3. Inconformado, veio J... interpor recurso para o Tribunal Constitucional e também arguir a nulidade do mesmo Acórdão por as questões prévias que serviram de fundamento à decisão do Supremo Tribunal Administrativo (a da não verificação de uma condição de admissibilidade do recurso e, em segunda linha, a da sua tempestividade) terem sido 'objecto de conhecimento e decisão expressa no Tribunal Tributário de 1ª Instância, por sentença nessa parte transitada em julgado', invocando também que a interpretação do artigo 22º da Lei n.º 1/87
(Lei das Finanças Locais) feita pelo tribunal ad quem não se conformava com o disposto nos artigos 20º e 268º, n.º 4 da Constituição da República Portuguesa,
'violando, designadamente, o direito à tutela jurisdicional efectiva que aqueles preceitos consagram', para além de não corresponder à realidade dos factos. Recusando tomar conhecimento destas questões, por não darem origem a nulidade de que ainda pudesse conhecer, o Acórdão da 2ª Secção do Supremo Tribunal Administrativo de 3 de Fevereiro de 1999 considerou não se registar também o invocado excesso de pronúncia, porquanto a 2ª parte do n.º 2 do artigo 660º do Código de Processo Civil só limita o Tribunal ao conhecimento das questões que as partes tenham suscitado quando não se trate de questões de conhecimento oficioso, como o eram as da tempestividade do recurso e da verificação do requisito de procedimento administrativo prévio. Em 6 de Março seguinte foi admitido o recurso de constitucionalidade.
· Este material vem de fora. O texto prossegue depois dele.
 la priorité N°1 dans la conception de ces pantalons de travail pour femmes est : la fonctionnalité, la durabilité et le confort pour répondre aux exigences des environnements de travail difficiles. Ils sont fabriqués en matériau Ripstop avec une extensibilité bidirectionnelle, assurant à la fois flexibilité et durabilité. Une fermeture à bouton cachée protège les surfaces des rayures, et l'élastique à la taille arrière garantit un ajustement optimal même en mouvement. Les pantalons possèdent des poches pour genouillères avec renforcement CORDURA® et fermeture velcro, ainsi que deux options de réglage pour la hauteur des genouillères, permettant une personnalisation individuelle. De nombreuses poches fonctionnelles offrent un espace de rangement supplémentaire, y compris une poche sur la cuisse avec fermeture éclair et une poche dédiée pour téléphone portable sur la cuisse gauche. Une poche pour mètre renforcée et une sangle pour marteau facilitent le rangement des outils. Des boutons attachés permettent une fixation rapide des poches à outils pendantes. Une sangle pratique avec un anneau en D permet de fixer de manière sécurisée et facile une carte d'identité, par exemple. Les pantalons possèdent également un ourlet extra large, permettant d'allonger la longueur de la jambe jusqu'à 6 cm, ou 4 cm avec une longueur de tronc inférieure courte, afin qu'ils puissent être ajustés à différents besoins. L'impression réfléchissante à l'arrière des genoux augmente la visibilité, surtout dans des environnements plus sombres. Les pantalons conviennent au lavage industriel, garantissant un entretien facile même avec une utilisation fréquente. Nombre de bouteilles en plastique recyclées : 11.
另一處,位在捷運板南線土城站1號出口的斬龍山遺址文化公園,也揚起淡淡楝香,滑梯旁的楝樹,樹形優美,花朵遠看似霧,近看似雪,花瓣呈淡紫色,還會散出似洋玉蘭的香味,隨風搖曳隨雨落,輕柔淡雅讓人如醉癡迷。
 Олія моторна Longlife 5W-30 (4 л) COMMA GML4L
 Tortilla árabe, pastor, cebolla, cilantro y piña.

4. No Tribunal Constitucional, o recorrente, em alegações oportunamente apresentadas, concluiu do seguinte modo:
'1ª Em alegado conhecimento oficioso em 2ª instância, do artigo 22º,2 da Lei n.º
1/87, o Venerando STA extraiu o sentido de que o recurso contencioso fiscal impunha aos interessados a prévia dedução, autónoma, de impugnação graciosa.
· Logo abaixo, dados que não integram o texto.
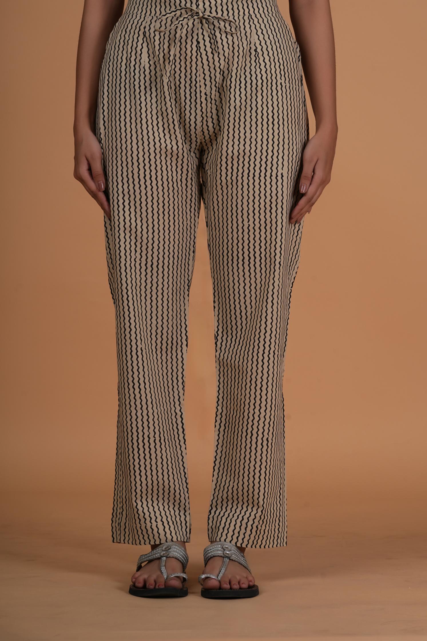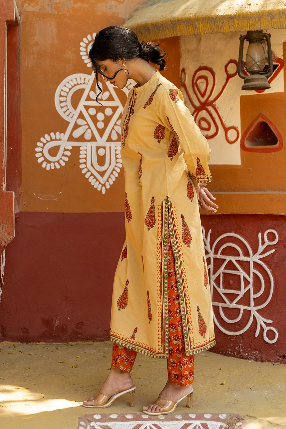 Pastle Pink Chanderi Block Printa Line Kurta With Pants - Set Of 2
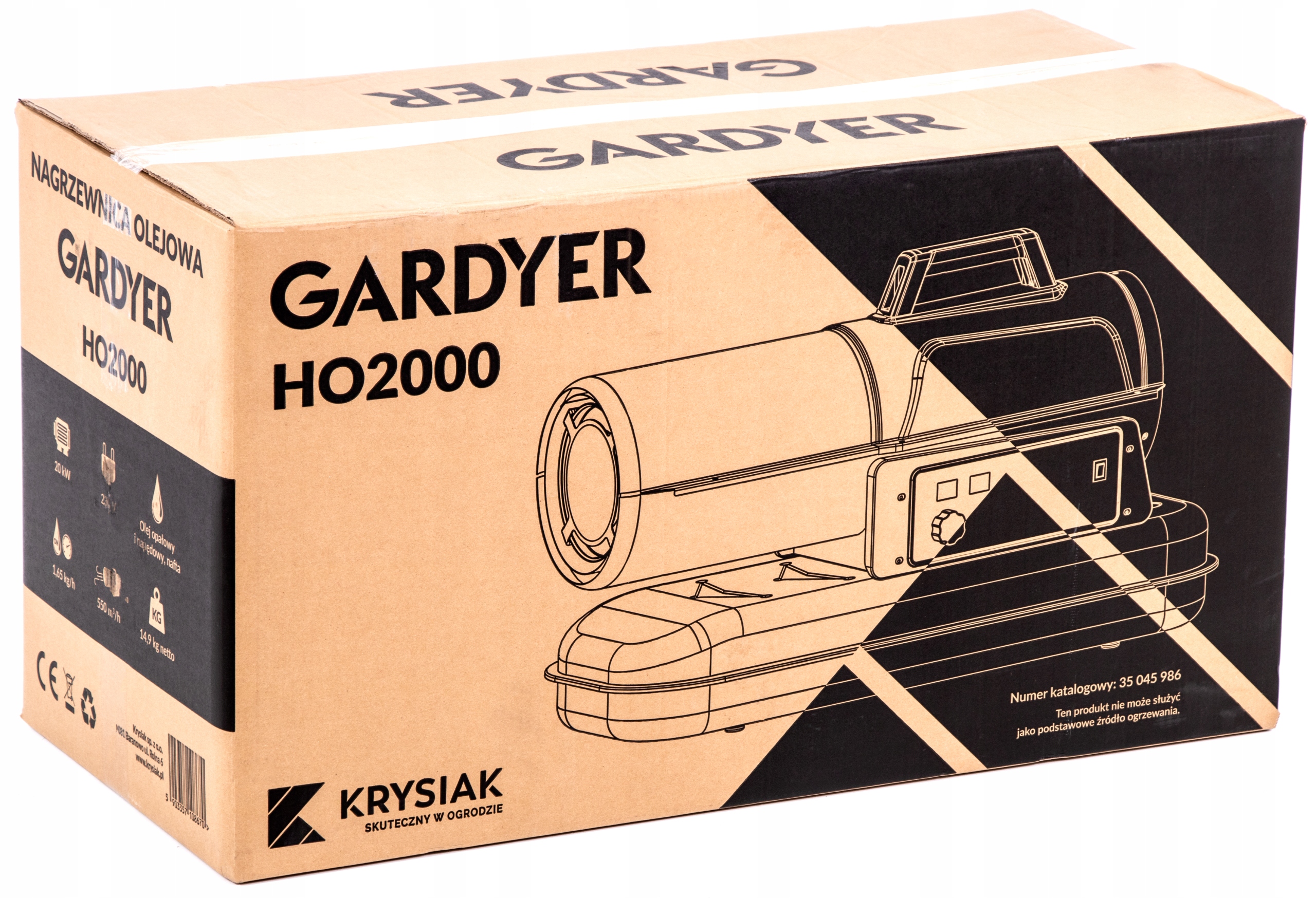 Опагатник Gardyer Ho2000 -це обладнання, придатне для опалення не лише великих закритих приміщень, але й відкритих та напівпровідних приміщень. Цей пристрій відрізняється на 20 кВт. Досягає 550 м3/год повітря. Він також оснащений термостатом. Він має 19 -літерний паливний бак, а його споживання -1,65 кг/год. Використовуване паливо може бути гасом або нагрівальним маслом. Параметри нафтового нагрівача Gardyer HO2000 роблять його обладнанням для верхнього полиця, яке можна перевірити у виняткових умовах, де інші види опалення виявляться недостатньо ефективними.
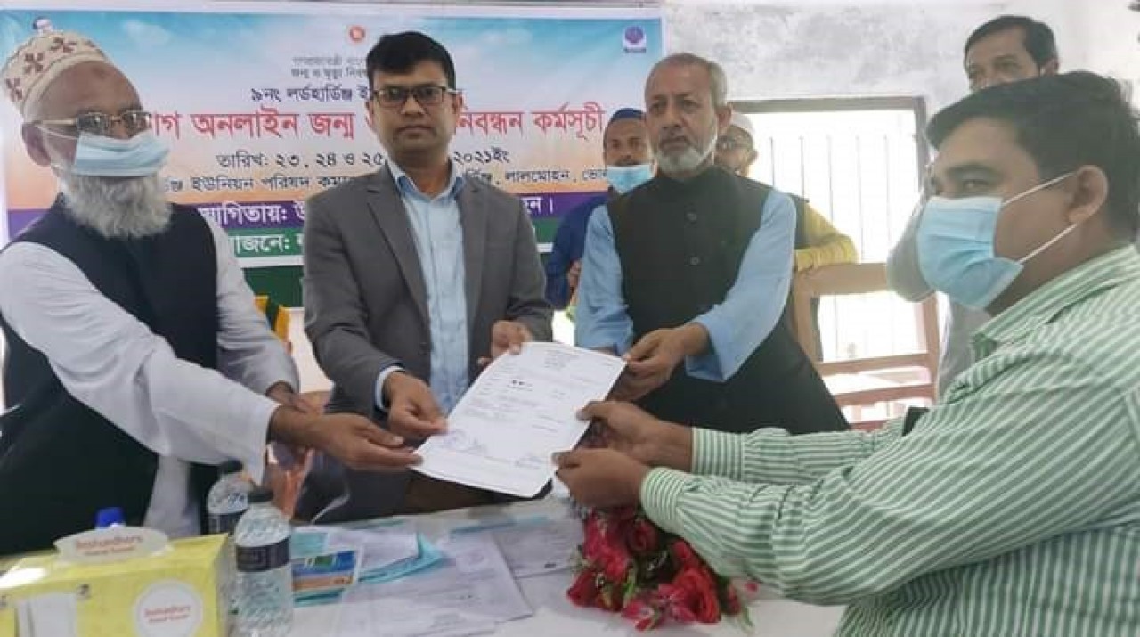 ইব্রাহিম আকাশ , লালমোহন : ভোলার লালমোহন উপজেলার সকল ইউনিয়নের ওয়ার্ড পর্যায়ে অনলাইন জন্ম ও মৃত্যু নিবন্ধন কার্যক্রম বেগবান করার লক্ষে ৯নং লর্ডহার্ডিঞ্জ ইউনিয়নে শতভাগ অনলাইন জন্ম ও মৃত্যু নিবন্ধন কর্মসূচীর উদ্বোধন করা হয়েছে।

2ª Com esta interpretação, o douto Acórdão violou direitos fundamentais do recorrente, análogos a direitos, liberdades e garantias, com consagração expressa nos artigos 20º e 268º/4 da C.R.P. Tanto mais que
3ª Com as revisões constitucionais de 1989 e 1997, os preceitos constitucionais do artigo 20º e 268º/4, claramente passaram a consagrar que quaisquer actos administrativos, incluindo os de natureza tributária, são passíveis de recurso ou impugnação, sempre que lesem os direitos subjectivos ou os interesses legítimos dos administrados – tutela jurisdicional efectiva.
4ª E não é lícito o estabelecimento de quaisquer limites ou restrições que não se justifiquem pela tutela de outro interesse constitucionalmente protegido.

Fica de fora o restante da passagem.